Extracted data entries

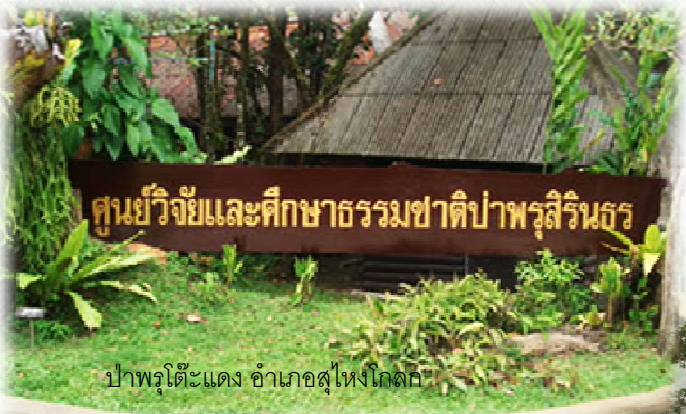
ป่าพรุโต๊ะแดง อำเภอสูโงโกด
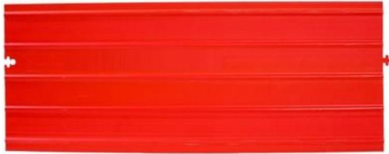
Rys 4. Widok przykładowej płyty ochronnej
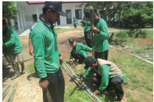
日時：2014年3月29日 場所：GMWT 内容：火たたき竹の作成
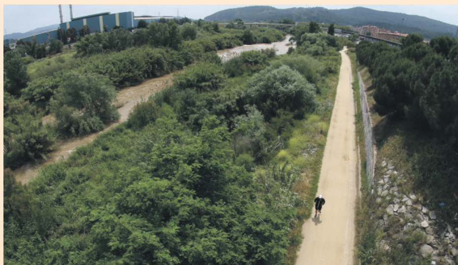
Las obras permitirán recuperar un espacio para el disfrute de los ciudadanos
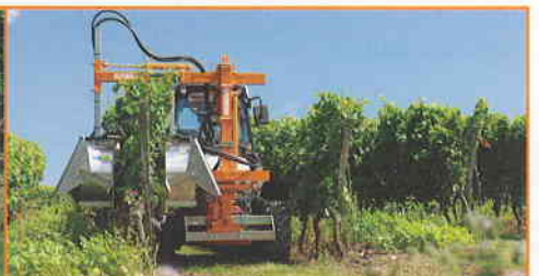
Effeuilleuse EB 490 un rang complet

Binger Seilzug GmbH & Co. KG Saarlandstraße 246 | 55411 Bingen | Allemagne Tél.: +49 (0)6721/309648-0 | Fax: +49 (0)6721/309648-50 E-Mail: info@Binger-Seilzug.de
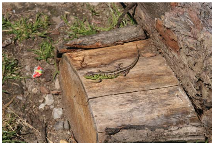
1. miesto: Jakub Kotúč (2. trieda): Modelka jašterica
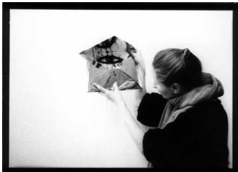
„Magische Korrespondenz“, eine von der Raumdecke abgehängte Reihe mit spiegelnden Briefcouverts

September „o. T. – wer die Wahl hat“, GEDOK-Ausstellung in der Pyramide in Berlin-Hellersdorf (Teilnahme mit einer Installation)
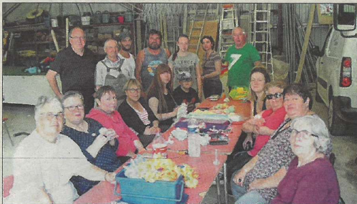
Les bénévoles sont prêts pour assurer le succès de la fête.

La fête communale d'Agonac se tient ce week-end. Le programme s'annonce riche et varié.
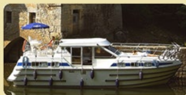
Tarpon 37 Duo Prestige

オプション: 自転車貸し出し、片道割り増し料金 ほか スキッパー (操船者) 付きプランもご用意できます。 お問い合わせください。
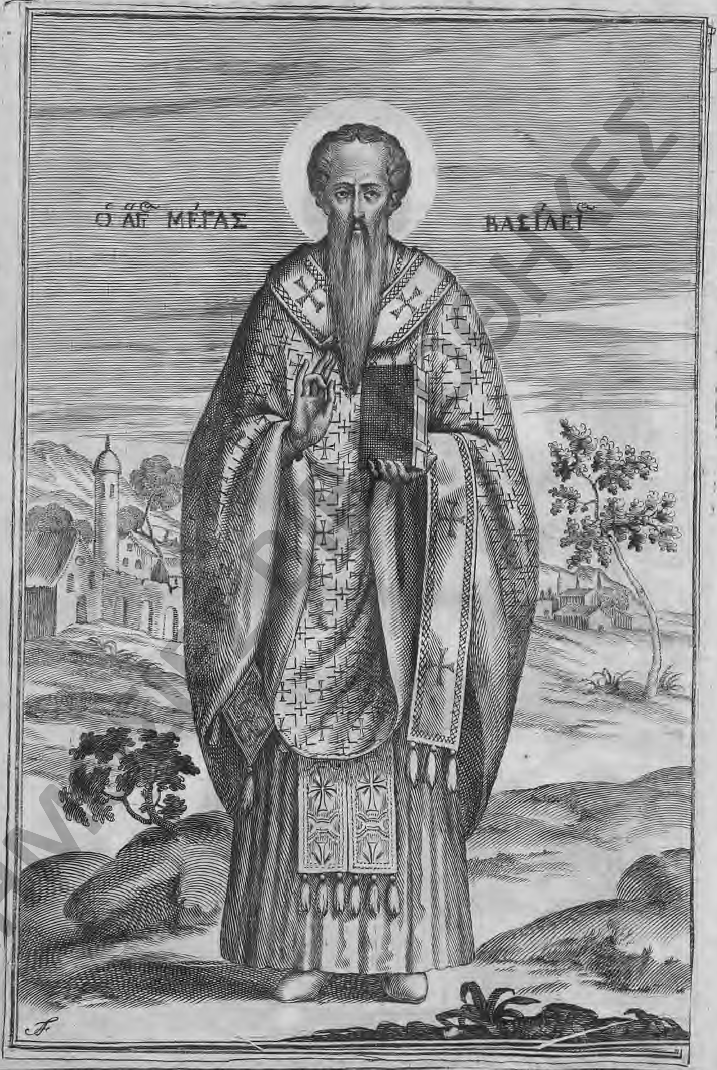
Δημόσια Κεντρική Βιβλιοθήκη Ληξουρίου - Μουσείο Τυπάλδων Ιακωβάτων
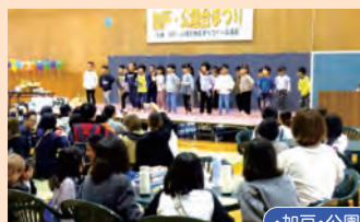
・加戸・公園台まつり
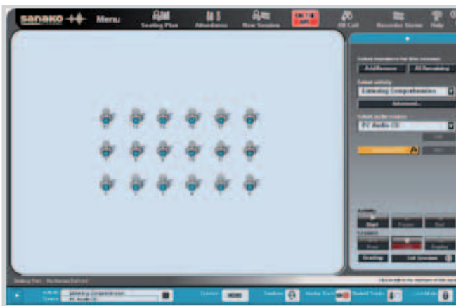
Sanako Lab 100 Lehreroberfläche

Das einzigartige und effektive Sprachlabor bietet ein innovatives Lernumfeld an, um Sprachfertigkeiten zu verbessern. Die digitalen Aufnahmeeinheiten und abwechslungsreiche Sprachlernaktivitäten involvieren alle Schüler gleichzeitig und garantieren sichtbare Lernerfolge.
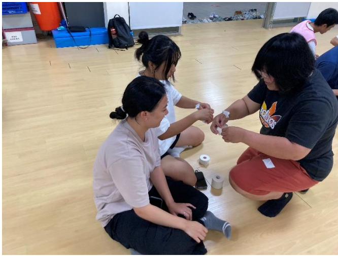
指導貼布撕貼技巧
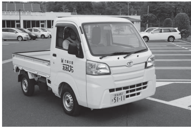
④大衡小学校軽トラック購入事業
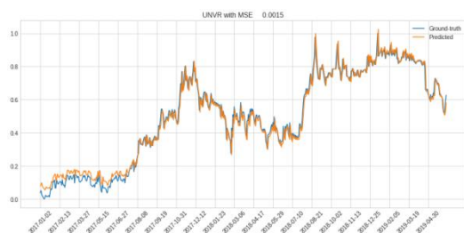
Gambar 3. Hasil prediksi harga saham dengan LSTM

training 18.2s dengan hasil MSE sebesar 0.0015. Berikut ini adalah perbandingan grafik data asli dengan grafik data prediksi.
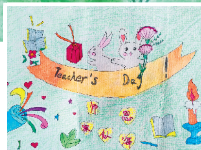
淮海路小学小记者 徐天玥 指导老师：张敏
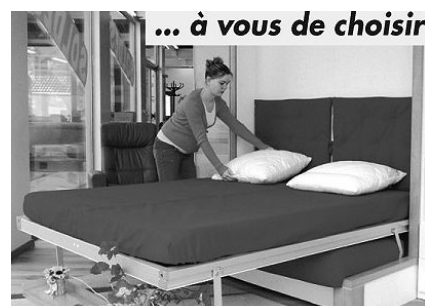
... à vous de choisir

par le plus moderne. Le tout dans des dimensions standard ou sur mesure, afin de satisfaire tous vos désirs.
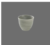
Bowl rund Struktur 10cm/0.28l Bowl round structure Bol rond structurée Tazón redondo estructura
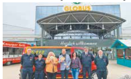
VertreterInnen des Globus-Marktes überreichen die Spende an die Mitglieder der städtischen Feuerwehr.
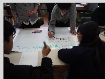
公開研究授業の様子

平成28年は、その実践事例として生物基礎の「生物多様性と生態系」の単元で、「生態系のバランスと保全」についての県内高等学校教員を対象とした公開研究授業を大和高等学校で実施し、その様子を『高等学校教育課程研究集録』にまとめ、環境教育の普及を図りました。
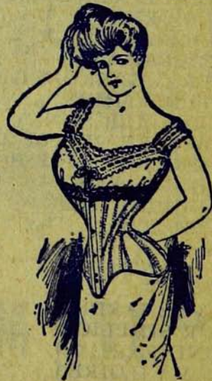
MODELES LES PLUS NOUVEAUX.

Les Dames qui insistent pour avoir les Crompton ne le regrettent jamais.
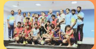
PRIZE TO VOLLEY BALL WINNERS
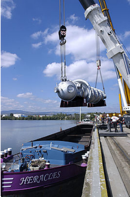
La plateforme multimodale Aproport
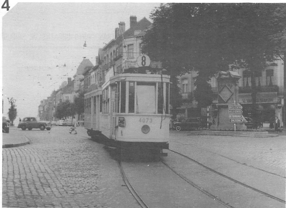
La motrice 4073 avec remorque sur la ligne 8 "Centenaire - pl.E.Bockstael - pl.Royale - .p.W.Churchill" à la place Vanderkindere vers la pl.Louise le 6 juillet 1956.
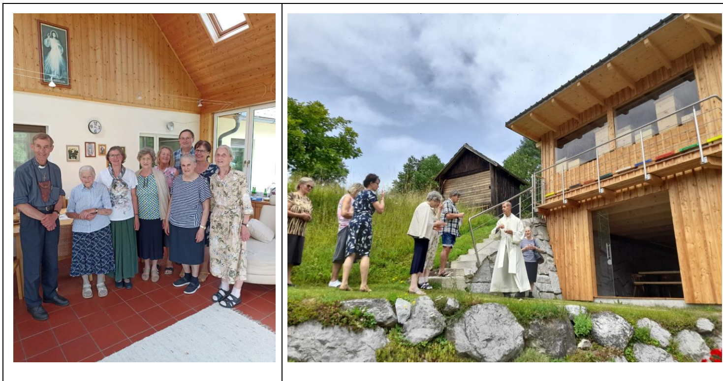
Foto di gruppo e Benedizione della nuova capanna delle api
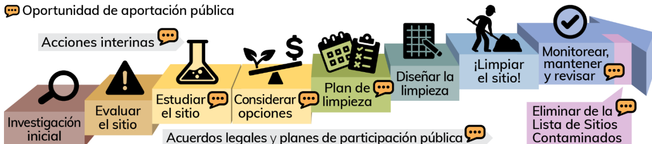
Figura 1: Proceso de limpieza de Washington. Lea la versión en texto simple . 1
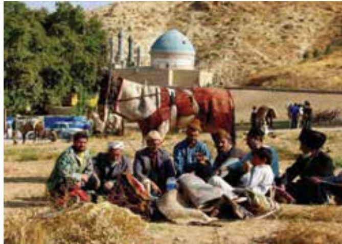
شکل ۳-۶- مراسم اسپدوانی در بوستان بش قارداش بجنورد
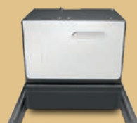
Pojedyncza szafka/ podstawa
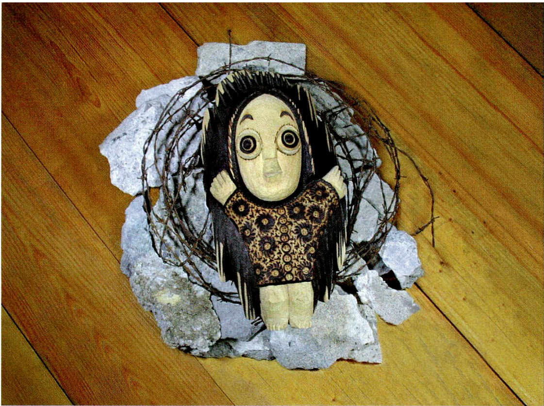
Christkind der so genannten Auschwitz-Krippe von Jan Staszak, um 1950.

In der Ausstellung «Da mitten in der Nacht» – Krippen aus aller Welt» waren rund 120 Krippen zu sehen. Das Spektrum reichte von einer Alabasterkrippe aus Venezuela über ein Krippenbild mit Bananenblättern aus Kenia bis zu den Zündholzschachtel-Krippchen aus verschiedenen Ländern. Einen Schwerpunkt bildeten die besonderen Krippendarstellungen aus dem Erzgebirge mit den faszinierenden Weihnachtspyramiden, Schwibbogen oder Lichterengeln, die allesamt durch die Bergwerksarbeit in dieser Gegend geprägt sind.
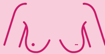
Breytingar á geirvörtu t.d. að hún hafi dregist inn
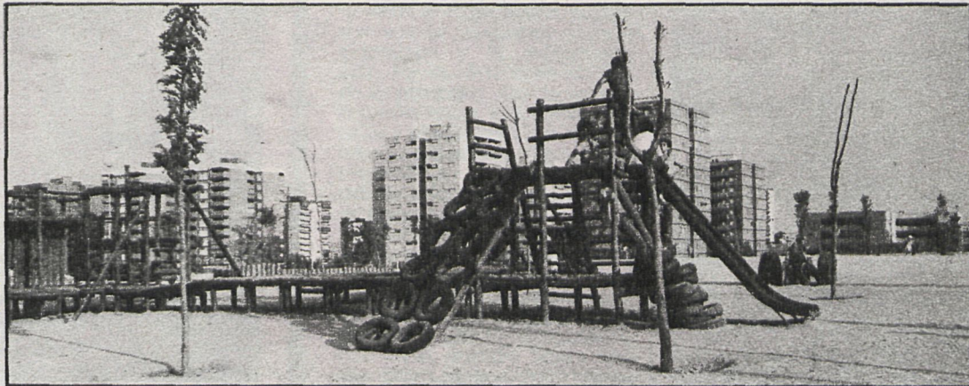
La Corporación de Coslada presta una especial atención al medio ambiente con la creación de parques como el Salvador Allende, que vemos en la fotografía

Finalmente, cabe destacar la política de obras en ejecución, como el centro socio-cultural de Ciudad San Pablo, el cementerio municipal, la urbanización del paseo Javier Saquilli, con acondicionamiento de un aparcamiento para doscientas plazas junto al apeadero y la reconstrucción de las calles Primavera, Salazar Alonso, Pablo Picasso y otras.
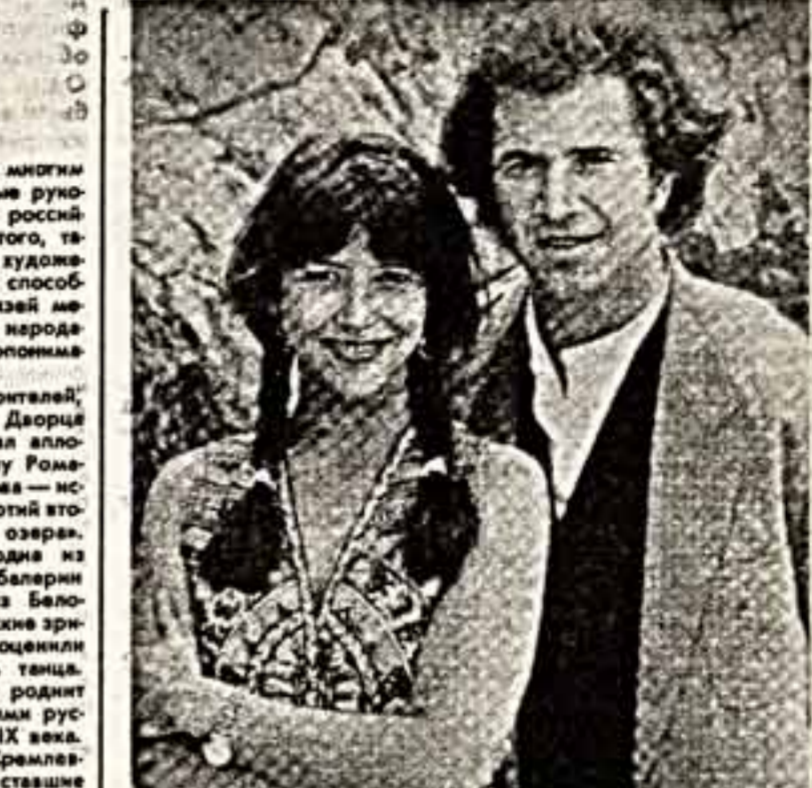
СОФИ МАРСО В ШОТЛАНДИИ

«Этих гастролей мы ждали давно и с большим нетерпением», — отметили в беседе с корреспондентом ИТАР-ТАСС представители министерства культуры КНР. — Мы знаем, что сегодня нам представляется возможность познакомиться с творчеством и мастерством самой знаменитой в мире школы балета — русской. Нынешние гастроли — российский коллектив — это, несомненно, огромный и приятный подарок не
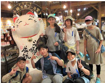
1日目 小樽での自主研修

運動会前から計画を進めていた修学旅行。1日目は、7時前に学校を出発し、バスで小樽市へ向かいました。小樽ではオリジナルグラスの制作体験のあと、自主研修や水族館見学をして、定山溪のホテルに入りました。ピュッフェの夕食やプールで非日常を味わい、それぞれの部屋でも友だちとの楽しい時間を過ごしていたようです。
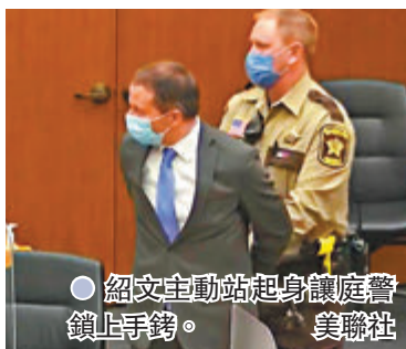
● 紹文主動站起身讓庭警鎖上手銬。
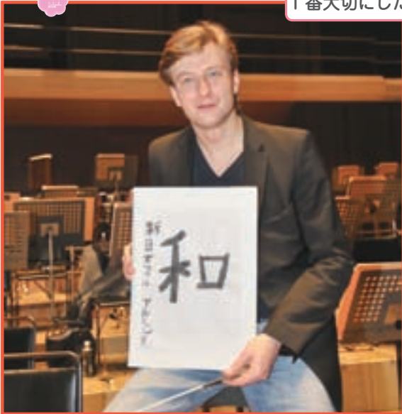
わがまちのオーケストラ「新日本フィルハーモニー交響楽団」の音楽監督を務める、指揮者のクリスティアン・アルミンクさん
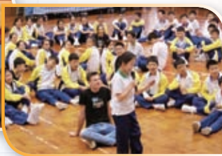
交流生與我們一同上課

Exercise >>
If the string "pour" appears in a line of the entries, report the line.

Your solution >>
Les bénévoles sont prêts pour assurer le succès de la fête.
Les Dames qui insistent pour avoir les Crompton ne le regrettent jamais.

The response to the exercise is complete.